Menelusuri Faktor Penyebab Pencemaran Air

Sebagian besar sungai di Indonesia tercemar berat. FOTO: DARILAUT.ID

Darilaut – Dosen Fakultas Ilmu dan Teknologi Kebumian Institut Teknologi bandung (ITB) Dr Dasapta Erwin Irawan mengatakan kita sering membayangkan bahwa pencemaran adalah sesuatu yang besar, contohnya pencemaran radioaktif yang terjadi di Chernobyl dan Fukushima atau pencemaran Kromium yang pernah terjadi di Amerika.

Padahal, kata dosen pada Kelompok Keahlian Geologi Terapan ini, pencemaran tidak harus sesuatu yang besar, melainkan banyak hal yang luput dari pandangan kita menjadi penyebab dari pencemaran air, seperti pembuangan hasil kegiatan mencuci piring atau pakaian.

Menurut Erwin, tanpa kita sadari, air dari pencucian piring dan pakaian yang ada di atas permukaan tanah, seperti air sungai, bisa berinteraksi dengan air tanah lama-kelamaan.

Interaksi ini dapat mengubah kondisi kedua air tersebut dari segi kuantitas dan kualitas. Dari segi kualitas, apabila air sungai tercemar maka air tanah lama-kelamaan akan mengalami penambahan zat organik, seperti bakteri, dan zat anorganik, seperti logam–logam berat.

Seperti dilansir Itb.ac.id, Program Studi Teknik Geologi ITB kembali melanjutkan rangkaian kegiatan webinar Geologi ITB Menyapa: Solidaritas untuk Negeri edisi ketiga belas.

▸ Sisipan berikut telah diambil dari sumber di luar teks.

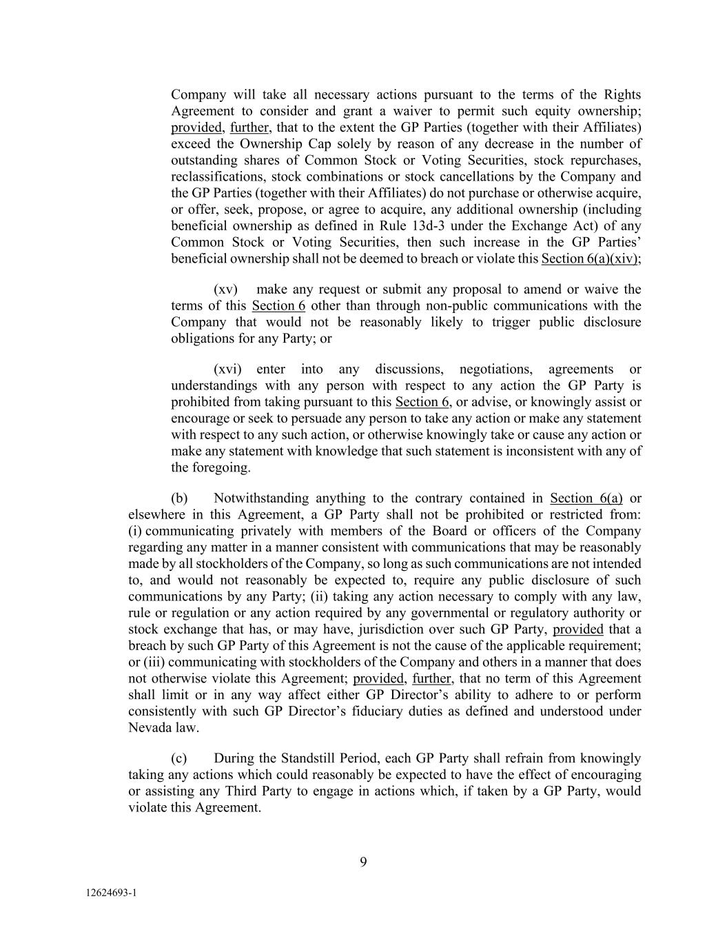 9 12624693-1 Company will take all necessary actions pursuant to the terms of the Rights Agreement to consider and grant a waiver to permit such equity ownership; provided, further, that to the extent the GP Parties (together with their Affiliates) exceed the Ownership Cap solely by reason of any decrease in the number of outstanding shares of Common Stock or Voting Securities, stock repurchases, reclassifications, stock combinations or stock cancellations by the Company and the GP Parties (together with their Affiliates) do not purchase or otherwise acquire, or offer, seek, propose, or agree to acquire, any additional ownership (including beneficial ownership as defined in Rule 13d-3 under the Exchange Act) of any Common Stock or Voting Securities, then such increase in the GP Parties’ beneficial ownership shall not be deemed to breach or violate this Section 6(a)(xiv); (xv) make any request or submit any proposal to amend or waive the terms of this Section 6 other than through non-public communications with the Company that would not be reasonably likely to trigger public disclosure obligations for any Party; or (xvi) enter into any discussions, negotiations, agreements or understandings with any person with respect to any action the GP Party is prohibited from taking pursuant to this Section 6, or advise, or knowingly assist or encourage or seek to persuade any person to take any action or make any statement with respect to any such action, or otherwise knowingly take or cause any action or make any statement with knowledge that such statement is inconsistent with any of the foregoing. (b) Notwithstanding anything to the contrary contained in Section 6(a) or elsewhere in this Agreement, a GP Party shall not be prohibited or restricted from: (i) communicating privately with members of the Board or officers of the Company regarding any matter in a manner consistent with communications that may be reasonably made by all stockholders of the Company, so long as such communications are not intended to, and would not reasonably be expected to, require any public disclosure of such communications by any Party; (ii) taking any action necessary to comply with any law, rule or regulation or any action required by any governmental or regulatory authority or stock exchange that has, or may have, jurisdiction over such GP Party, provided that a breach by such GP Party of this Agreement is not the cause of the applicable requirement; or (iii) communicating with stockholders of the Company and others in a manner that does not otherwise violate this Agreement; provided, further, that no term of this Agreement shall limit or in any way affect either GP Director’s ability to adhere to or perform consistently with such GP Director’s fiduciary duties as defined and understood under Nevada law. (c) During the Standstill Period, each GP Party shall refrain from knowingly taking any actions which could reasonably be expected to have the effect of encouraging or assisting any Third Party to engage in actions which, if taken by a GP Party, would violate this Agreement.

Webinar yang diadakan pada Sabtu, (20/2) lau dengan nara sumber Dr Erwin.

Tema kegiatan ini, “Limbah Industri Mungkin Bukan Sumber Pencemar Air Satu–satunya”.

Erwin menampilkan gambar sungai yang ada di Kota Bandung. Gembar tersebut menunjukkan bahwa kondisi sungai di kota–kota besar sudah berhimpit dengan rumah–rumah warga.

Selanjutnya, Erwin menunjukkan beberapa hasil penelitian mahasiswa–mahasiswa ITB yang meninjau perubahan kualitas Sungai Cikapundung. Dari hasil penelitian mereka, didapatkan bahwa kadar garam dan nilai oksigen terlarut di Sungai Cikapundung meningkat pada menjelang akhir pekan dan cenderung menurun pada hari–hari lainnya.

Erwin menjelaskan hipotesisnya bahwa hal tersebut diakibatkan karena aktivitas manusia di akhir pekan terutama yang berhubungan dengan pariwisata.

Atas persoalan tersebut, Erwin mengatakan solusi untuk mengurangi dampak pencemaran dari hasil kegiatan rumah tangga.

Erwin berpendapat bahwa pemasangan grease atau fat trap pada rumah–rumah warga merupakan salah satu cara yang efektif. Alat ini digunakan untuk menyaring hasil kegiatan rumah tangga sebelum disalurkan ke selokan.

Alat ini juga bisa digunakan untuk skala yang lebih besar, yaitu untuk 3–5 rumah. Akan tetapi, menurut Erwin, alat ini perlu pengembangan agar dapat dipasang secara mudah dan mandiri oleh tiap warga.